Он и впрямь, родимец, носом захлюпал и заскулил, как собачонка. Вот ведь — душа ранимая.
— Эй, парень! Не мужеско сие дело соленую водицу из глаз источать!
— Усладу жалко, — пояснил Ратмир причину своих слез.
— И мне жалко, — вздохнул я. — Да ведь, иначе рассудить, она теперь в лучшем из миров пребывает, с ангелами резвится, Богородицу хотя бы издалека да видит, а то и самого Господа Спасителя. А уж с апостолами, без сомнения, за одним столом сиживает и песни им поет.
— Дядя Володя сказывает, мои тятя с мамкой и братики тоже в добром ирии живут нынце, — перестал он хлюпать носом.
— А как же! Правильно тебе твой дядя Володя сказывает. Где же им быть, как не в добром раю, ежели они были православные христиане и такую мученическую смерть от проклятого немца приняли. О том и не сомневайся нисколько.

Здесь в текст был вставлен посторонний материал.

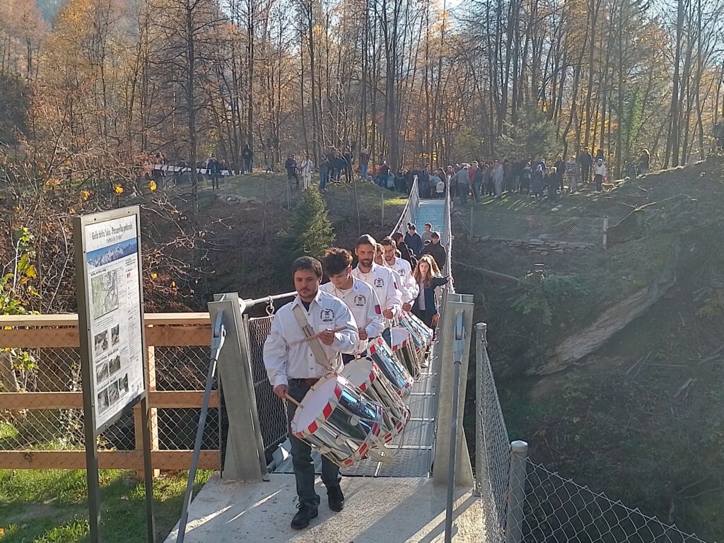 All’inaugurazione ha partecipato anche un apprezzato drappello del Gruppo Tamburini di Aquila che, percorrendo il ponte seguito da un gruppo di bambini, ha ufficialmente inaugurato la passerella. Ha poi fatto seguito un ricco aperitivo offerto alla popolazione e ai sostenitori al campo di calcio di Aquila.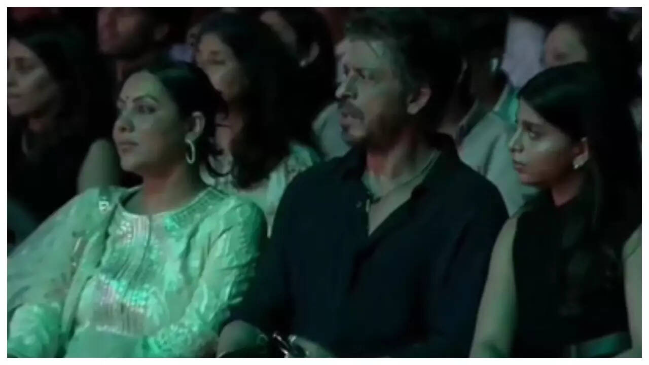 In a video making rounds on social media, Shah Rukh can be seen seated with Gauri to his right and Suhana to his left. Much to his Daughter's surprise, as the children performed LIVE on the big stage, Shah Rukh also began singing along to the lyrics of the son, while cheering for the children.

Им теперь куда лучше живется, чем нам с тобою.
— Пусть бы и меня к себе жить взяли.
— Сие не твоего разумения дело. Стало быть, Господь Бог сохранил тебя не случайно, а чтобы ты мог род продолжить. Понял? Тебе к ним торопиться незачем. Ты теперь за них родословную должен восстанавливать. Великая цель! Так что радуйся, Ратмире Глебович, что тебе Бог такое избрание дал. Радуешься?
— Радуюсь, — отвечал мой собеседничек безрадостно.
— Запамятовал я… Тебя по-крестильному как? Алексием?
— Алексием. Не запамятовал ты, а правильно помнишь.
— Так-то, Алеша, будем мы с тобой и дальше жить. Жизнь — она нужна нам.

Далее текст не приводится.